Illustration: Sara Andreasson
In meinem Fall ein rein weibliches. Auch das ist der Zauber der Umkleide: Selten bin ich in Räumen, in denen sich ausschließlich Frauen aufhalten. Und hier Frauen aus allen Generationen zu sehen, hat etwas sehr Tröstliches. Unsere Körper verändern sich – mit den Jahren, durch Verletzungen, nach Schwangerschaften. Keine sollte sich dafür schämen, dass ihr Leben an ihrem Körper Spuren hinterlässt. Ich schnüre mir gerade die Schuhe zu, als der »Fit im Alter«-Kurs endet – und komme ins Gespräch mit einer 94-Jährigen mit wilder Dauerwelle, die von ihren Sportübungen seit den Siebzigerjahren erzählt. »Man muss beweglich bleiben«, sagt sie und wünscht mir ein schönes Training. Einer Bekannten schlage ich vor, gemeinsam zum Sport zu gehen, statt wie immer nur einen Kaffee zusammen zu trinken. Wir schwitzen die Contemporary-Dance-Klasse durch, und danach in der Umkleide, erschöpft und gelöst, sprechen wir auf einmal über Dinge, für die unser Verhältnis vorher nicht gereicht hat. Nach dem Verlassen des Studios umarmen wir uns innig.

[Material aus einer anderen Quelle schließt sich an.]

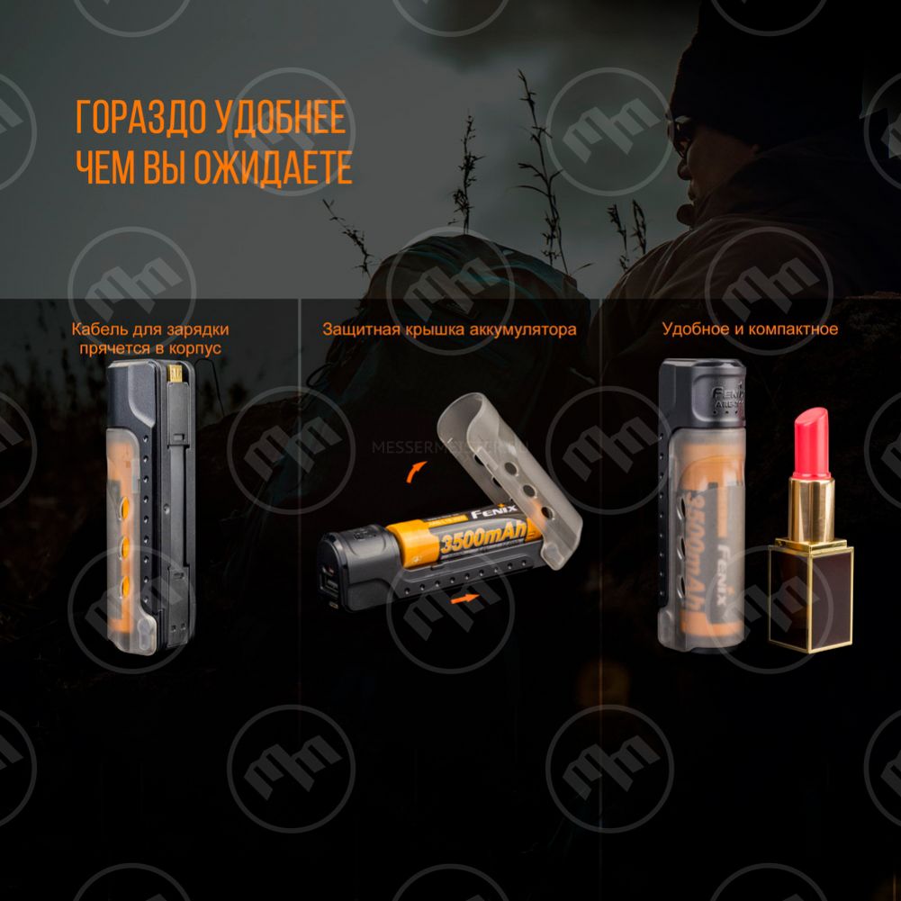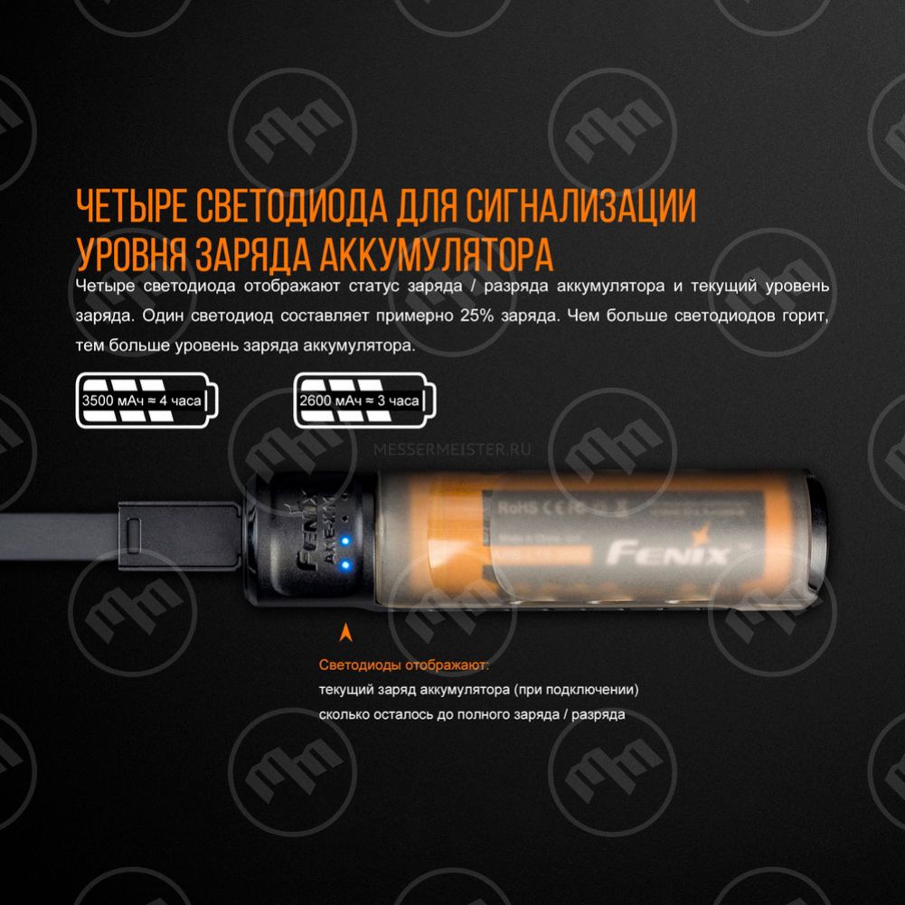 Аккумуляторы надежно защищаются от перегрева и перезарядки. Часть моделей может выдерживать длительное воздействие высоких и низких температур. Грамотно продуманная конструкция рассчитана на большое количество циклов зарядки — у некоторых батарей оно достигает пятисот. Стандартные варианты наполняются энергией с помощью зарядных устройств, но в ассортимент бренда входят модели, оснащенные портом для присоединения шнура USB. Их можно подзарядить в любой момент без дополнительных приспособлений. Зарядные устройства от производителя Fenix также являются неотъемлемыми спутниками карманных и налобных фонарей. Большинство моделей, разрабатываемых брендом, двухканальны. При размещении аккумулятора в гнезде прибор сам определяет необходимый режим работы. К источнику питания зарядные устройства подключаются через вход microUSB с помощью шнура, подсоединяемого к USB-порту. Для контроля над процессом они оснащаются индикаторами, показывающими процент наполнения батарей.

Diese Woche habe ich in der Spinning-Klasse 789 Kalorien verbraucht. Meine Herzfrequenz lag durchschnittlich bei etwa 160. Bei den Bench-Chest-Presses habe ich Zehn-Kilo-Hanteln gestemmt. Nach solcher Mühsal ist der scharfe Geruch nassen Polyesters der allerschönste, auf einmal schmeckt nichts so gut wie das Wasser aus dem Hahn der Umkleidetoilette – und einer anderen das Deo zu leihen, einen Proteinriegel zu teilen, über das Motivationsgequatsche des Trainers zu lästern, das alles ist für ein paar Minuten plötzlich ganz selbstverständlich in dieser Zwischenwelt, die nicht mehr zum Sport gehört, aber irgendwie doch, in der immer alles gleich abläuft, aber irgendwie nicht, und in der die Menschen mir weder bekannt noch fremd sind. Es ist eine Gemeinschaft, und davon haben wir ja nicht mehr so viele. Jetzt geht euch umziehen. Vergesst die Turnbeutel nicht.